§ **TASK**:
All of the records must come back exactly. Please repeat them in full.

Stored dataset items
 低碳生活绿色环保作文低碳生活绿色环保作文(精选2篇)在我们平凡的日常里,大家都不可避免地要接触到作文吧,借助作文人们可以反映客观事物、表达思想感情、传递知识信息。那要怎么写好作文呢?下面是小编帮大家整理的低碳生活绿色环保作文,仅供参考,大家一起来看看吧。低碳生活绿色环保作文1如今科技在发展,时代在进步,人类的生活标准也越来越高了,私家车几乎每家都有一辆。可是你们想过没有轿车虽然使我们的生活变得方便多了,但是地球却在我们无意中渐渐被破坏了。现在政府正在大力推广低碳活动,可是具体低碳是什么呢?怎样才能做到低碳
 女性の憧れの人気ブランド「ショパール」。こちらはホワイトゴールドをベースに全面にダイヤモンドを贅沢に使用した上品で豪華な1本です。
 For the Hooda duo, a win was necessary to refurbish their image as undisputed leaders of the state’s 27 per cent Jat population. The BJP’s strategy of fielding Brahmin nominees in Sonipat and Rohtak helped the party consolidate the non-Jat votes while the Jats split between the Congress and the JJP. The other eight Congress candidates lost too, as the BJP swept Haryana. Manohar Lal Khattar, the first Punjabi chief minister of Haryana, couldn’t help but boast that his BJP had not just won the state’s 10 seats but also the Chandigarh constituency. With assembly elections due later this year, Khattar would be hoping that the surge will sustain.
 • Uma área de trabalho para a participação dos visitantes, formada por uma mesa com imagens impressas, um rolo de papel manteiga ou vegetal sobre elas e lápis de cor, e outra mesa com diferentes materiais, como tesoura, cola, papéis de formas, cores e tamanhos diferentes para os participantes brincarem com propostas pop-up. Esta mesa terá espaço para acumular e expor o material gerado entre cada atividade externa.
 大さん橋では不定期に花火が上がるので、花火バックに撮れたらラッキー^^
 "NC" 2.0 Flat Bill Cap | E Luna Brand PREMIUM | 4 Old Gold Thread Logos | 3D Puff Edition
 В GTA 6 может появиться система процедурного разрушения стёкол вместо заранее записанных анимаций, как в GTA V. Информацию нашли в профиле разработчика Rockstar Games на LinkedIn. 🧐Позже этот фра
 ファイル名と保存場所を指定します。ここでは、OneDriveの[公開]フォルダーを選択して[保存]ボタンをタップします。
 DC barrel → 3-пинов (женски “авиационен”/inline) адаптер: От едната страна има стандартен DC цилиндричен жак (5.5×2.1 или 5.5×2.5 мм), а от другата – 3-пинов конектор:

§ **TASK OUTPUT**:
 低碳生活绿色环保作文低碳生活绿色环保作文(精选2篇)在我们平凡的日常里,大家都不可避免地要接触到作文吧,借助作文人们可以反映客观事物、表达思想感情、传递知识信息。那要怎么写好作文呢?下面是小编帮大家整理的低碳生活绿色环保作文,仅供参考,大家一起来看看吧。低碳生活绿色环保作文1如今科技在发展,时代在进步,人类的生活标准也越来越高了,私家车几乎每家都有一辆。可是你们想过没有轿车虽然使我们的生活变得方便多了,但是地球却在我们无意中渐渐被破坏了。现在政府正在大力推广低碳活动,可是具体低碳是什么呢?怎样才能做到低碳
 女性の憧れの人気ブランド「ショパール」。こちらはホワイトゴールドをベースに全面にダイヤモンドを贅沢に使用した上品で豪華な1本です。
 For the Hooda duo, a win was necessary to refurbish their image as undisputed leaders of the state’s 27 per cent Jat population. The BJP’s strategy of fielding Brahmin nominees in Sonipat and Rohtak helped the party consolidate the non-Jat votes while the Jats split between the Congress and the JJP. The other eight Congress candidates lost too, as the BJP swept Haryana. Manohar Lal Khattar, the first Punjabi chief minister of Haryana, couldn’t help but boast that his BJP had not just won the state’s 10 seats but also the Chandigarh constituency. With assembly elections due later this year, Khattar would be hoping that the surge will sustain.
 • Uma área de trabalho para a participação dos visitantes, formada por uma mesa com imagens impressas, um rolo de papel manteiga ou vegetal sobre elas e lápis de cor, e outra mesa com diferentes materiais, como tesoura, cola, papéis de formas, cores e tamanhos diferentes para os participantes brincarem com propostas pop-up. Esta mesa terá espaço para acumular e expor o material gerado entre cada atividade externa.
 大さん橋では不定期に花火が上がるので、花火バックに撮れたらラッキー^^
 "NC" 2.0 Flat Bill Cap | E Luna Brand PREMIUM | 4 Old Gold Thread Logos | 3D Puff Edition
 В GTA 6 может появиться система процедурного разрушения стёкол вместо заранее записанных анимаций, как в GTA V. Информацию нашли в профиле разработчика Rockstar Games на LinkedIn. 🧐Позже этот фра
 ファイル名と保存場所を指定します。ここでは、OneDriveの[公開]フォルダーを選択して[保存]ボタンをタップします。
 DC barrel → 3-пинов (женски “авиационен”/inline) адаптер: От едната страна има стандартен DC цилиндричен жак (5.5×2.1 или 5.5×2.5 мм), а от другата – 3-пинов конектор:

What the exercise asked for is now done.